*INPUT DATA*

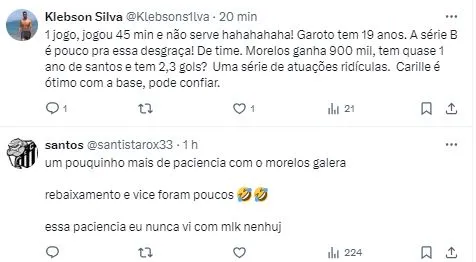 Embora o jogador não tenha desempenhado de uma maneira eficaz na estreia do Peixe na segundona, Carille tem gostado do avanço do atleta, como destacou na entrevista coletiva de pós-jogo.
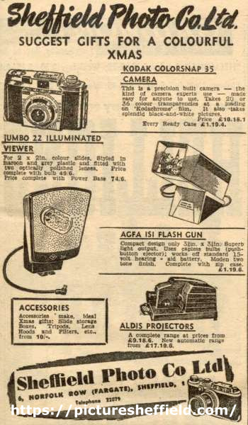 Caption reads Sheffield Photo. Co. Ltd., suggest gifts for a colourful Christmas. From the Star Lights Souvenir, 9 Dec 1961 (Sheffield Local Studies Library: MP 1580 L) |
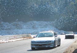 | まず先生の車(スタッドレス仕様)に乗せてもらいコースイン、ライン取りやBP・CPなど教わった。 1コーナー進入も当然、ロングと比べると全然違うし、自分が思いこんでいたBPやライン取りも違う。 聞いて良かった〜!そして、先生にもカレンちゃんを運転してもらうことに・・。 2ヘアピンでは‘ぐわんぐわん・・’と変な音出してドアンダーなカレンちゃん。。 フロントがちょっと重いね〜って言われちゃった・・。リアばっか軽量化しちゃってるし余計やな・・。 今度はうめ吉が運転して、スピン多発コーナーでの処理の仕方など相談に乗って貰った(笑。 今までわからないままに走ってたけど、こーやって不安を少しずつ解消してくことによって、余裕が 出てくるし、次のステップへ進める。ライン1つ変えるだけで、そのコーナーが易しくなるもんだ・・。 ブレーキ・ステア・アクセル・・この操作1つ1つのタイミングをもっと考えなアカンな・・。 ん?また赤旗かな・・?1コーナーでスピンした車が脱出出来ない模様。敢えなくピットイン・・。 |
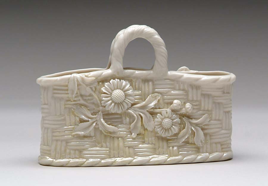 IRISH BELLEEK BASKET VASE. Center handle basket form has two openings for flowers. The basket pattern with applied vine of roses on one side and daisy like flowers on the other. Black mark to bottom. SIZE: 4-1/4” h x 6” l. CONDITION: Very good. 9-25758-4 (150-250)

*REQUIRED ACTION*
Please set down every line of the data above precisely, dropping the images.

*OUTPUT FOR THIS EXERCISE*
 Embora o jogador não tenha desempenhado de uma maneira eficaz na estreia do Peixe na segundona, Carille tem gostado do avanço do atleta, como destacou na entrevista coletiva de pós-jogo.
 Caption reads Sheffield Photo. Co. Ltd., suggest gifts for a colourful Christmas. From the Star Lights Souvenir, 9 Dec 1961 (Sheffield Local Studies Library: MP 1580 L) |
 | まず先生の車(スタッドレス仕様)に乗せてもらいコースイン、ライン取りやBP・CPなど教わった。 1コーナー進入も当然、ロングと比べると全然違うし、自分が思いこんでいたBPやライン取りも違う。 聞いて良かった〜!そして、先生にもカレンちゃんを運転してもらうことに・・。 2ヘアピンでは‘ぐわんぐわん・・’と変な音出してドアンダーなカレンちゃん。。 フロントがちょっと重いね〜って言われちゃった・・。リアばっか軽量化しちゃってるし余計やな・・。 今度はうめ吉が運転して、スピン多発コーナーでの処理の仕方など相談に乗って貰った(笑。 今までわからないままに走ってたけど、こーやって不安を少しずつ解消してくことによって、余裕が 出てくるし、次のステップへ進める。ライン1つ変えるだけで、そのコーナーが易しくなるもんだ・・。 ブレーキ・ステア・アクセル・・この操作1つ1つのタイミングをもっと考えなアカンな・・。 ん?また赤旗かな・・?1コーナーでスピンした車が脱出出来ない模様。敢えなくピットイン・・。 |
 IRISH BELLEEK BASKET VASE. Center handle basket form has two openings for flowers. The basket pattern with applied vine of roses on one side and daisy like flowers on the other. Black mark to bottom. SIZE: 4-1/4” h x 6” l. CONDITION: Very good. 9-25758-4 (150-250)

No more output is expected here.